The impact of liver disease upon HRQOL may vary by the etiology of liver disease. For viral liver disease, a previous study found that presence of liver disease in particular cirrhosis was associated with a lower QOL in comparison with a healthy population; however, the physical component was more impaired than the mental health component.17 Other studies have demonstrated differences in the pattern of QOL impairment measured in patients with different liver disease aetiologies. A German study of patients without cirrhosis noted that patients with primary biliary cholangitis scored lowest on the P-QOL component score of the SF-36, whereas patients with hepatitis C had lower M-QOL scores.10 This may be related to fatigue being a key factor in primary biliary cholangitis,35 while HCV has been shown to be associated with depression.36 Similarly, mental health issues, including depression, are highly prevalent in WD which may be related to copper toxicity affecting the brain. A study by Younossi et al.33 showed that in patients with cirrhosis, P-QOL scores were similar between cholestatic diseases and viral hepatitis but poorer in other hepatocellular diseases. Another large study of patients with cirrhosis found that patients with NAFLD had lower P-QOL scores than those with ALD, cholestatic liver disease, and viral hepatitis.31 We found that patients with WD in our study have worse median M-QOL scores than P-QOL scores and mean M-QOL scores from our cohort were lower than the population mean M-QOL score of 50. This suggests that the burden of mental health issues in WD may be greater than that of physical health issues on QOL. However, the difference between the mean M-QOL and P-QOL summary scores and the population mean of each score was not significantly different indicating that most treated patients with WD may have a QOL that is similar to the rest of the US population.27 Despite this, outliers do exist that fall well below the population mean QOL score. Our study provides important insight into the range of potentially unrecognized impairment in both physical and mental health that negatively impacts QOL in adults with WD. A greater appreciation of how QOL is impacted on adults with WD and the factors that contribute to this will help health care professionals take a holistic approach to treating patients with WD and address issues that could improve their patient’s overall well-being.

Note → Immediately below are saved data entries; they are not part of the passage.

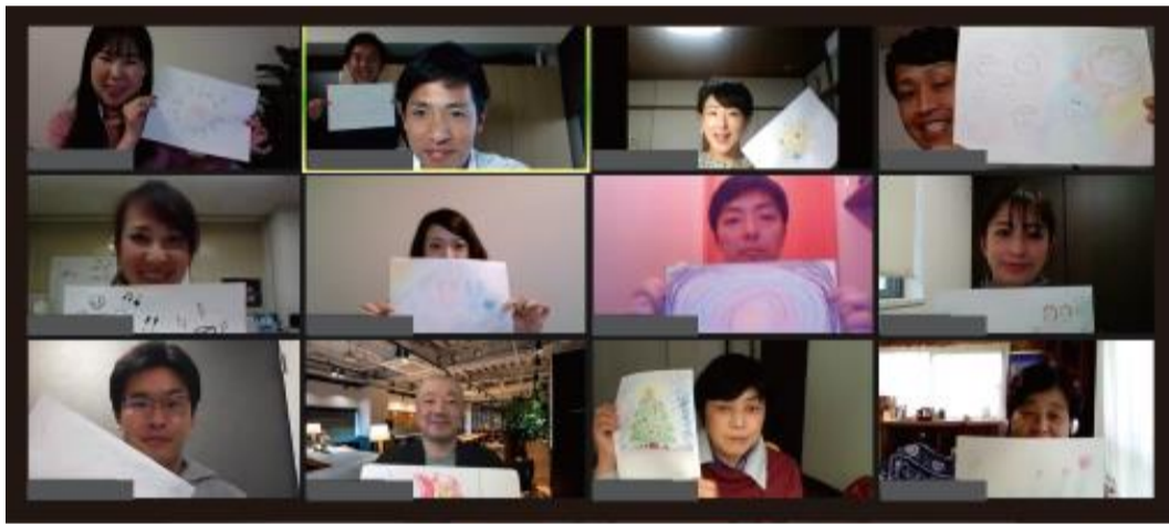
【↑ 20年度静岡クラスの様子】

3月6日(土)10時~、礎講師が直接講座の魅力についてお伝えするオンライン説明会を開催します。 全員の質問に丁寧に回答させて頂き、大変好評を頂いております。 ビデオオフでの参加もOKです。 是非お気軽にご参加ください! https://career-drive.education/campaign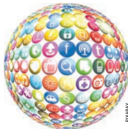
EDUKACIJA, NE REPRESIJA

Medijsko opismenjavanje učinkovitije od zabrane društvenih mreža mladima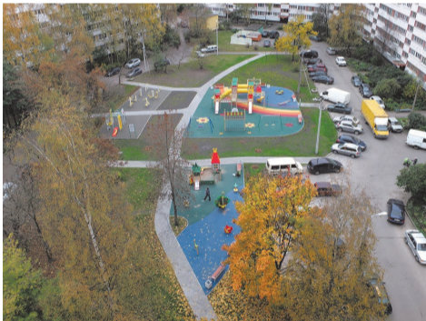
ул. Тамбасова д.2 к.1

На данном объекте также выполнены работы по устройству сети пешеходных дорожек в тротуарной плитке, устройству газона, посадка кустарника. Стоимость работ составила 8 100,0 тыс.руб.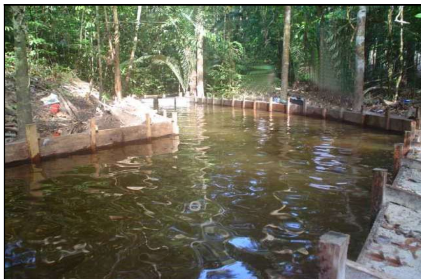
Figura 4. Vista geral de um canal de igarapé construído na região do Rio Tarumã-Mirim, Manaus (AM) para cultivo de B. amazonicus .

No estado do Amazonas, uma forma recente de cultivo intensivo de B. amazonicus é a criação em canais de igarapé (Figura 4). Essa modalidade foi introduzida pelo Programa de Criação Intensiva de Matrinxãs em Canais de Igarapé (PROCIMA/INPA) em comunidades assistidas pelo programa de assentamentos do Instituto Nacional de Colonização e da Reforma Agrária (INCRA), como importante alternativa proteíca. No estado, esse tipo de criação sustentável foi implantado em dois municípios (Manaus e Presidente Figueiredo) favorecidos pela grande abundância de igarapés. Neste tipo de criatório, as paredes do igarapé são alargadas e reforçadas com telas plásticas e/ou sacos de rafia cheios (mistura de areia com cimento) e com madeiras da própria região, o excesso de areia e matéria orgânica também são removidos do leito. O trecho do igarapé passa então a medir aproximadamente 20 m de comprimento, 4 m de largura e 75 cm de profundidade. Além disso, na parte inicial do sistema também é construído um "reservatório" com queda de água contínua para o canal de igarapé. Assim, esse sistema de criação se assemelha ao sistema de cultivo norte-americano conhecido como "raceways".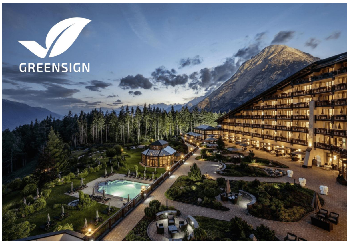
Bild: GreenSign goes Austria: Top Ergebnisse bei der Nachhaltigkeits-Zertifizierung Österreichischer Hotels

In Deutschland ist die vom GreenSign Institut im Jahr 2014 entwickelte Nachhaltigkeitszertifizierung für Hotels bereits Marktführer. In diesem Jahr wurde der GreenSign Zertifizierungsstandard für Hotels sogar vom weltweit bekannten Globalen Rat für nachhaltigen Tourismus, dem Global Sustainable Tourism Council anerkannt. Dieser Meilenstein, dem etwa ein ganzjähriger Prozess vorausging, bietet heute eine gesteigerte Wertigkeit der GreenSign Hotelzertifizierung auf dem internationalen Markt.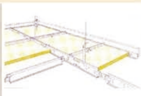
2. 吊顶-可见T型龙骨 边角处理: AK-04

Our study has several limitations that must be considered. The median treatment duration of the group is 19.5 years. Factors that impact M-QOL may be different for the newly diagnosed patients compared with stable patients and those who have lived with the disease for longer. As the registry cohort increases over time, this may allow these groups to be examined separately in the future. There are currently no disease-specific QOL-screening tools available for WD, and therefore, the SF-12 may not be as accurate at detecting issues that affect QOL in the WD population as a tool developed specifically for WD. Furthermore, we only examine the impact of depression and cognitive impairment on QOL and other psychiatric factors such as impulsivity and personality traits are not analyzed. In addition, in the majority of patients enrolled in our registry, cognitive impairment was mild in severity which may be why it was not found to be associated with worse QOL. Similarly, although there was a range in severity in those with cirrhosis and neurological disease, the majority were not highly symptomatic (Child-Pugh Score Median 5 [5–9] UWDRS total score median 5 [0–73]). Owing to the rarity of the condition, our sample size is relatively small, and the present analysis focuses on cross-sectional enrollment data. Owing to the small sample size, multifactorial analysis to assess the impact of liver disease, neurological disease, and psychiatric symptoms for our group was not performed. Further prospective data collection in our multisite registry will help determine whether the conclusions from our study are maintained at enrollment and longitudinally in studied patients.

CONCLUSION

We conclude that overall QOL in WD is affected by both mental and physical health. We found that mental health issues such as depression (but not cognitive impairment) may affect M-QOL of patients with WD independent of their degree of liver and/or neurological disease, while physical health QOL scores were affected by the severity of liver and neurological disease but not by mental health issues. Our study is the first to use the SF-12 to assess QOL in WD. It has shown a good correlation with the SF-36 scores in other diseases. As the questionnaire is shorter, we suggest that it is a useful screening tool that can be applied in clinical settings. Given the heterogeneity of WD and the demonstrated effect of symptoms on mental and physical health, further research into developing a more disease-specific tool may be useful for assessing outcomes in this patient population.

Supplementary Material

Appendix

Funding:

Funding was provided by the Wilson Disease Association, Paula C. Zimbrean, 20 York st., New Haven, CT, 06510.

Footnotes

CRediT AUTHORSHIP CONTRIBUTION STATEMENT

Michelle A. Camarata: Writing - original draft, Investigation. Aftab Ala: Investigation. Ayse K. Coskun: Methodology. Yanhong Deng: Formal analysis. Regino P. Gonzalez-Peralta: Investigation. Kaitlin R. Maciejewski: Formal analysis. Amar Patel: Investigation. Susan Rubman: Investigation. Uyen To: Investigation. Ricarda Tomlin: Methodology. Michael L. Schilsky: Investigation, Methodology, Writing - review & editing. Paula C. Zimbrean: Methodology, Writing - review & editing.

SUPPLEMENTARY DATA

Supplementary data to this article can be found online at https://doi.org/10.1016/j.jaclp.2021.04.004.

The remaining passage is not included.